We’ll talk about two splitting criteria in the context of R’s rpart library. It’s important to experiment with different splitting methods and to analyze your data before you commit to one method. Each splitting algorithm has its own bias which we’ll briefly explore. The code is available on GitHub here.

Using Gini Split / Gini Index

Gini Index Calculation

Favors larger partitions.
Uses squared proportion of classes.
Perfectly classified, Gini Index would be zero.
Evenly distributed would be 1 – (1/# Classes).
You want a variable split that has a low Gini Index.
The algorithm works as 1 – ( P(class1)^2 + P(class2)^2 + … + P(classN)^2)

The Gini index is used in the classic CART algorithm and is very easy to calculate.

Gini Index:
    for each branch in split:
        Calculate percent branch represents #Used for weighting
        for each class in branch:
            Calculate probability of class in the given branch.
            Square the class probability.
        Sum the squared class probabilities.
        Subtract the sum from 1. #This is the Ginin Index for branch
    Weight each branch based on the baseline probability.
    Sum the weighted gini index for each split.

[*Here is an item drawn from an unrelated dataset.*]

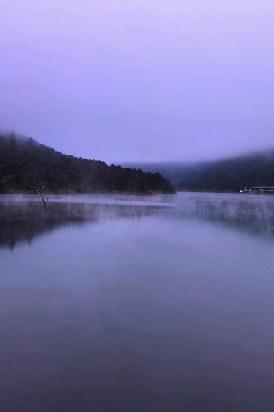 走到湖邊小徑,四周靜得出奇,只有幾聲鳥鳴從蘆葦叢中傳來,清脆又遙遠。湖面像一塊巨大的墨玉,邊緣被淡青色的霧氣輕輕包裹,仿佛天地間剛剛蘇醒的一口呼吸。我停下腳步,深吸一口氣,胸口頓時被一種難以言喻的寧靜填滿。
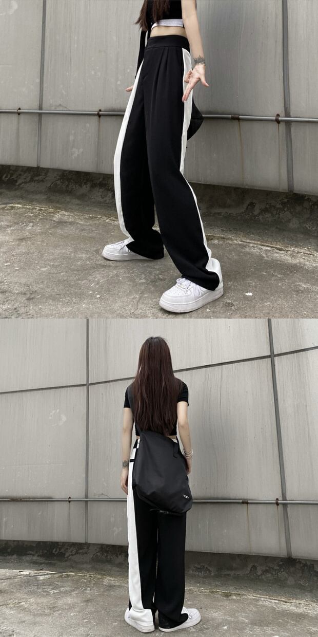 ルーズパンツ ブラックホワイトサマーハイウェストウェストカジュアル 夏物 ステッチ ケッペル25315910222

Here’s that same process in R as a function. It takes advantage of R’s ability to calculate sums and probabilities quickly with the prop.table function. The only difference between the pseudo-code above and the actual code is that I take into account the Null situation where we don’t specify a split variable.

gini_process <-function(classes,splitvar = NULL){
  #Assumes Splitvar is a logical vector
  if (is.null(splitvar)){
    base_prob <-table(classes)/length(classes)
    return(1-sum(base_prob**2))
  }
  base_prob <-table(splitvar)/length(splitvar)
  crosstab <- table(classes,splitvar)
  crossprob <- prop.table(crosstab,2)
  No_Node_Gini <- 1-sum(crossprob[,1]**2)
  Yes_Node_Gini <- 1-sum(crossprob[,2]**2)
  return(sum(base_prob * c(No_Node_Gini,Yes_Node_Gini)))
}

With all of this code, we can apply this on a set of data.

data(iris)
gini_process(iris$Species) #0.6667
gini_process(iris$Species,iris$Petal.Length<2.45) #0.3333
gini_process(iris$Species,iris$Petal.Length<5) #0.4086
gini_process(iris$Species,iris$Sepal.Length<6.4) #0.5578

In this case, we would choose the Petal.Length<2.45 as the optimal variable / condition to split on. It has the lowest Gini Index.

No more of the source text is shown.